Nine Priority Management Reports to Review Monthly
Nine Priority Management Reports to Review Monthly

April 17, 2019

We know physicians and managers are busy, but data powers good decision-making. Here are nine priority management reports to review each month.

1. Profit and Loss (P&L)

The “P&L” provides a high level view of total revenues and expenses, and indicates how efficiently the practice is being financially managed. The practice’s operating overhead percentage is derived from the data in this report. Well-run offices include current and last year’s period-to-date and year-to-date, as well as budget data in this report. And they keep a keen eye on the overhead percentage when they review it.

2. Aged Accounts Receivable (A/R)

Shows you the outstanding receivables due. Generate this report aged by service date (not posting date) and be sure to separate insurance balances from patient balances. With patient receivables on the rise due to high deductible health plans, it’s essential that the physicians see the amounts patients owe, in each aging category. Remember that those dollars are real money – not inflated charges awaiting contractual adjustments after insurance pays. A large dollar amount of patient collections can indicate the need for implementing or improving collection at the time of service and pre-surgical deposits.

3. Charges, Payments, and Adjustments

This report comes directly from the practice management system, and should be reviewed by provider, payor, location (if multiple sites), and CPT category.

4. Credit Balances

Credit balances are a financial liability and as such you must monitor how much you owe payors and patients on a monthly basis so that you process timely refunds. They also negatively offset the total A/R which results in an inaccurate total on that report. Ideally, the report total should be as close to zero as possible.

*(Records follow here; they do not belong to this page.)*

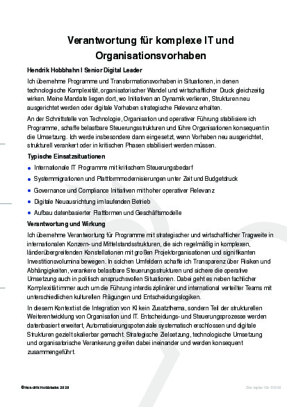 Ziel meiner Mandate ist es, Transparenz in komplexen Programmen herzustellen, Entscheidungswege zu verkürzen und geschäftskritische Vorhaben zuverlässig in die Umsetzung zu führen.
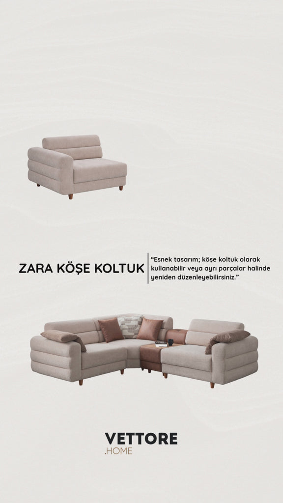 Modern çizgileri, akıllı detayları ve fonksiyonel yapısıyla bu köşe koltuk koleksiyonu; yaşam alanlarında hem şıklığı hem de kullanım kolaylığını bir arada sunmak isteyenler için tasarlanmıştır.
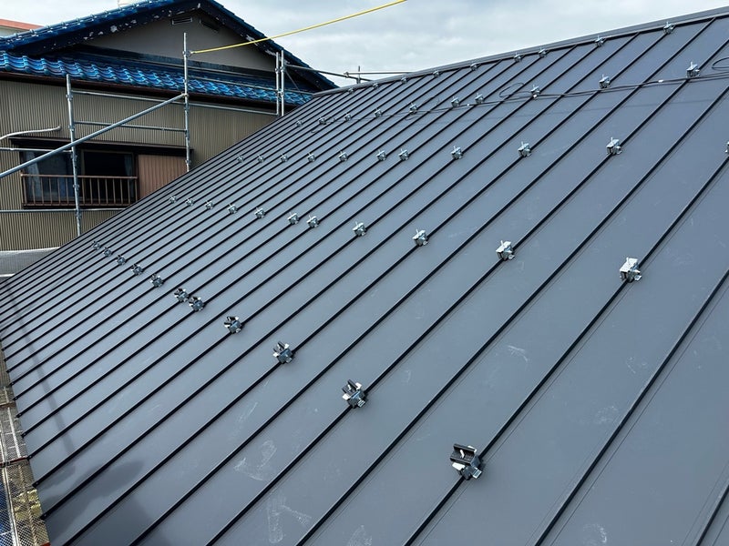 太陽光のパネルを載せる工事を行いました。まずはパネルを固定するための金具を屋根のハゼ部分に取り付けます。金具が取り付けられたら配線を確認しながら1枚ずつ丁寧に並べていきます。今回は全部で16枚のパネルを載せました。方角、陽当たり共に条件が良いのでたくさん発電してくれるはずです!
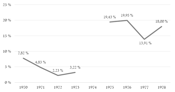 Ahora bien, como se desprende del diseño, los resultados de este modelo generaron un evidente impacto positivo en el desenvolvimiento de los conflictos económicos. De acuerdo con Sulmont (1985), la cobertura de la negociación colectiva, aunque fue baja durante los primeros dos años, se elevó luego significativamente, llegando a cerca del 20 % de la población económicamente activa (PEA) asalariada (p. 206). La figura 1 refleja dicha afirmación y muestra la evolución de la tasa de cobertura de la negociación colectiva entre 1970 y 1978.
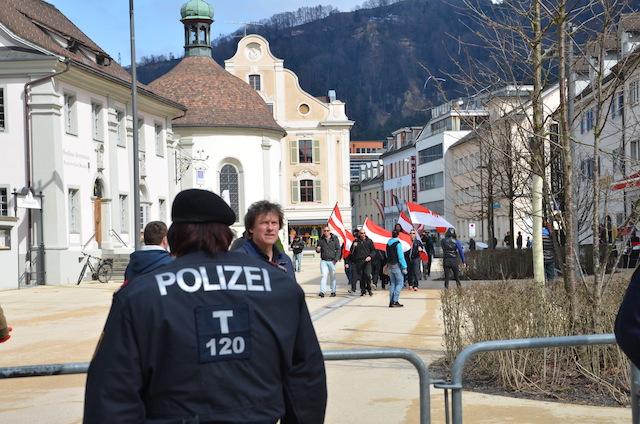 LPD Vorarlberg'e 300 kişilik bir gurup ile yürüyeceğini duyuran PEGİDA, 70 kişilik gösterici sayısına zor ulaştı.
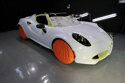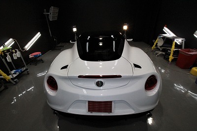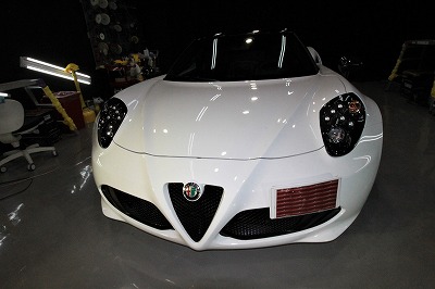 兵庫県宝塚市よりアルファロメオ4Cのご入庫です!ボディカラーはホワイトソリッド!施工はボディには
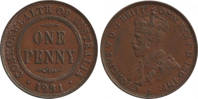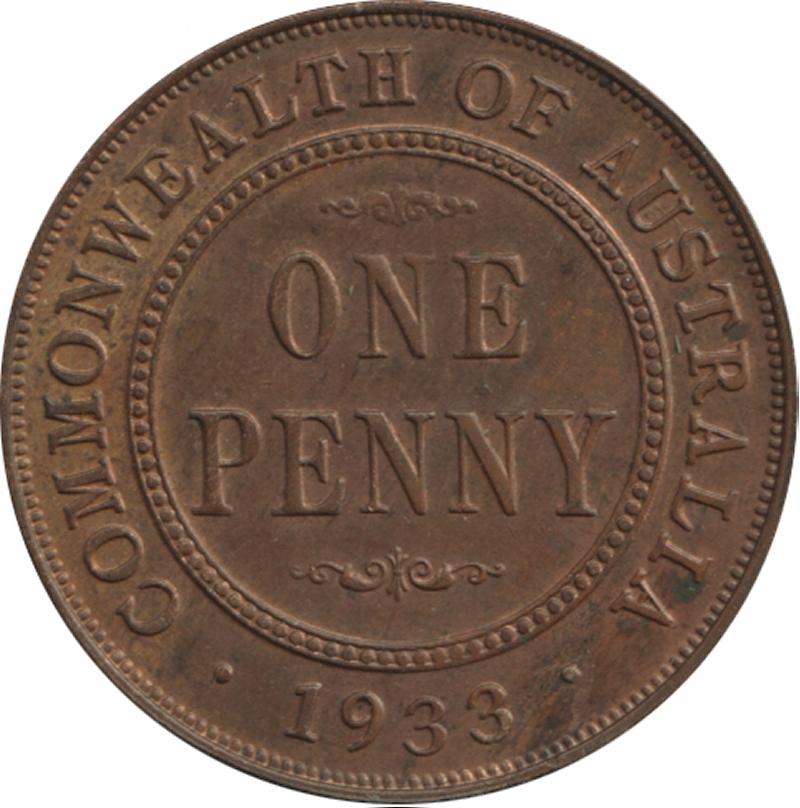 1933 KGV 1d, a couple of light bag marks, rev. with verdi-gris spot, otherwise Uncirculated, Cat $300. (Image1) (Image2)
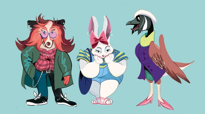 revisiting an old character design assignment - always really liked the designs i came up with but I didn't have the cartooning skills at the time

5. Non-Contractual Adjustments

Provides the granular detail of the charges that were adjusted off to reasons other than contractual adjustments. Monitoring this report enables you to question amounts written off to categories such as bad debt, small balances, timely filing, no authorization, etc. Ask questions about non-contractual adjustments may lead to the need for improved front-end workflows or modified collection processes.

6. Missing Encounters

Missing encounters (sometimes called missing tickets) should be identified and located as part of the daily close. This catchall report unbilled encounters at the end of each month.

7. CPT Code Frequency

This report can help practices identify areas of risk as well as potentially lost revenue. Review E/M coding patterns to identify physicians who may be using too many lower level codes, or too many higher level codes. Compare your practice data to Medicare’s data for your specialty, state, and nationally. (A product like the E/M Profile Analyzer can save hours of time and displays the data in a line graph.) Pull records for high and low coding outliers to verify that documentation meets CPT guidelines, and to ensure the physicians are missing out on legitimate revenue.

8. Denials and Rejections

Smart managers and physicians look at this report for patterns that are clues to front-end workflow, coding, or other processes that need improvement.

9. Unapplied Payments

To keep your accounting clean, it’s important that every dollar collected be posted to a specific category in the practice management system. In some cases, staff collect money upfront – for instance, in the case of pre-surgical deposits – and then allocate it to a specific account and category after payor reimburses for the service. Sometimes this gets overlooked. So, monitoring the unapplied payments report can identify large sums that may be still sitting in “unapplied,’ and should be moved to the correct category and account.